So much anger, so much fear
Jess and I react to pressure and transitions differently. She shuts her emotions off from other people. It's said that women have a tendency to blame themselves for their troubles, while men blame others, or a situation.
Like any good American male, I turn to some form of outward action -- working out, writing, getting angry. Of course, the transition spoken of right now is moving to Minnesota, and I've got to do an MA exam, and find some sort of respectable job.
Lord help us....My entry below delved into a narrative voice that is, how do I put this, unseemly.
I did just schedule a counseling appointment, but I was forced in class today to point out to a student that chatting while I'm talking, or while other students are talking, and playing with one's cell phon is totally out of the question, and according to what I said on the second day of class, should result in an automatic "W" or withdrawn from the class. Perhaps I should have dropped this person. Sadly, you'd think that someone nineteen years old would be able to comport himself at a level beyond that of a middle school student.
My anger at this situation is not burning, as it once was a number of months ago, but I am very much done, with no oversight from the Writing Program, no real accountability given that this is my final semester, and I am soon to be far away. I guess things catch up with you. Probably better to not use the "f" word, which was the choice that I did take. However, I did put this young man "on notice." And his writing is unlikely to impress me at this point.

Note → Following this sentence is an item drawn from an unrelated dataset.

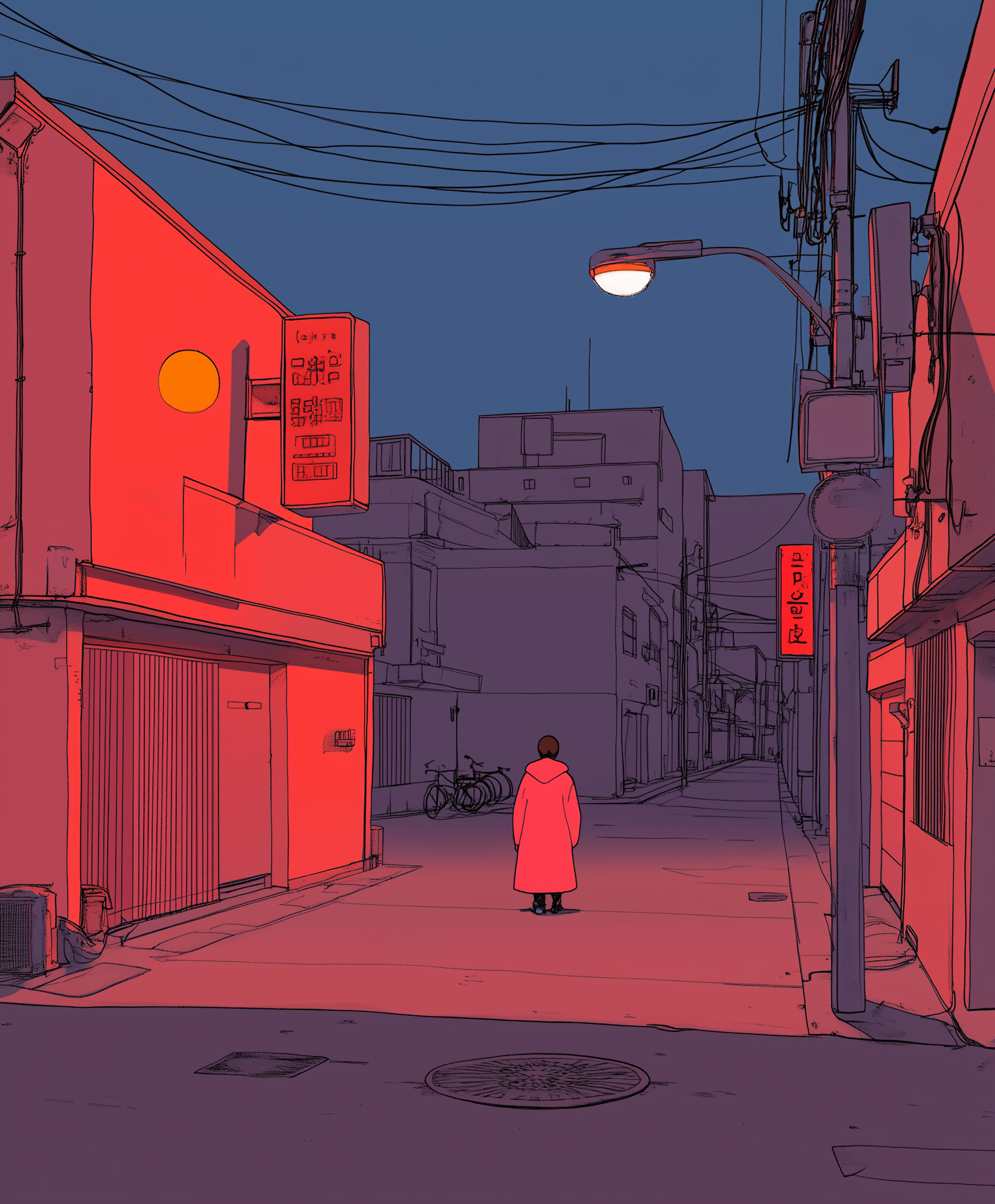 Stylized urban night scene with red neon lights, a lone figure in a pink coat, and a serene, mysterious atmosphere.

My experience here indicates why tenured professors are so often distant. They can't lose their jobs, are unhinged as to putting on a face of sincerity -- if they don't like somebody, they don't need to act like it's otherwise. If I hadn't dropped three deep three pointers in a row playing basketball right before class, perhaps I'd have felt less generous, and filled out the paperwork immediately after class.
My saving grace, as it were, is my second section, somehow miraculously filled with receptive young people. Oh how they put a smile on mine face.
Anger comes from a perceived lack of control. And the worst anger is when you actually lose control -- this is a feeling of deep regret and shame. In the future, I will be like Jesus' meek and poor in spirit, and know that I will inherit the Earth.